# [EXERCISE]
Please restate word for word the lines of the entries below from the one with "hồ Ba Bể. |" to the one with "Ivory Cotton Sequins", inclusive, and leave out every picture.

# [DATA FOR REVIEW]
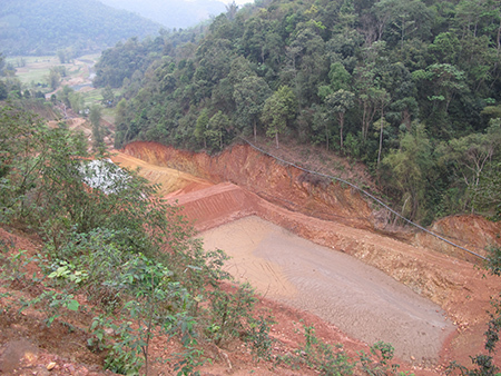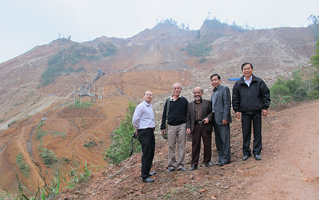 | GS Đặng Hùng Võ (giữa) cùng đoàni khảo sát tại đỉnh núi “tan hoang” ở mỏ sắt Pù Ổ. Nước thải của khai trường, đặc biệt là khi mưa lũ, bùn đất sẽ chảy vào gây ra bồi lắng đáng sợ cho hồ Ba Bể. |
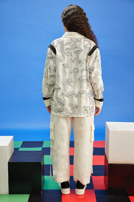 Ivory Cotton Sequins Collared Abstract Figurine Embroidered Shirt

...

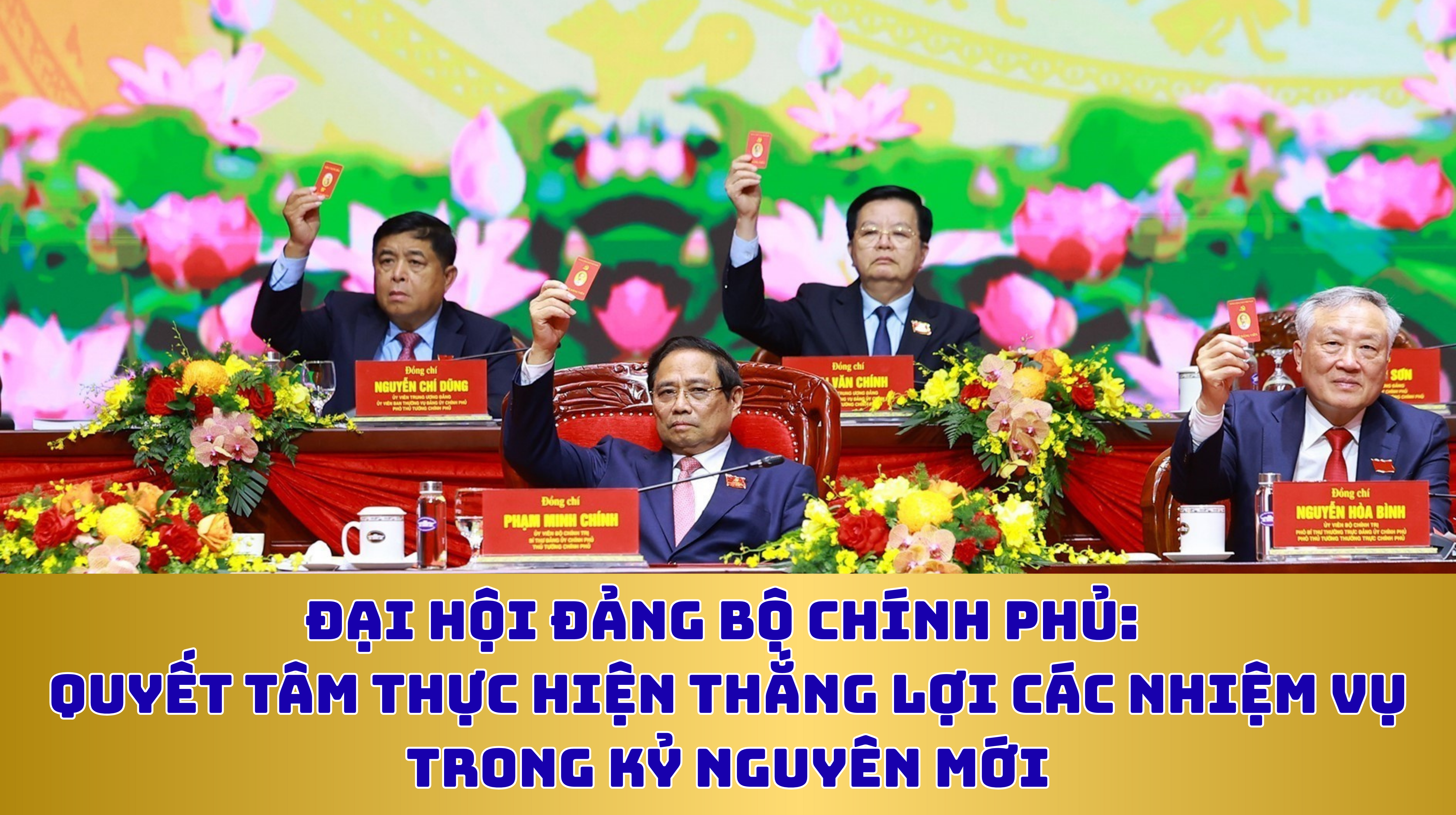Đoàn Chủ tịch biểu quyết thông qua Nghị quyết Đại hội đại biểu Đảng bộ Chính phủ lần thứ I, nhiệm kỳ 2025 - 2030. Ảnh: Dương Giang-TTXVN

# [EXERCISE ANSWER]
 | GS Đặng Hùng Võ (giữa) cùng đoàni khảo sát tại đỉnh núi “tan hoang” ở mỏ sắt Pù Ổ. Nước thải của khai trường, đặc biệt là khi mưa lũ, bùn đất sẽ chảy vào gây ra bồi lắng đáng sợ cho hồ Ba Bể. |
 Ivory Cotton Sequins Collared Abstract Figurine Embroidered Shirt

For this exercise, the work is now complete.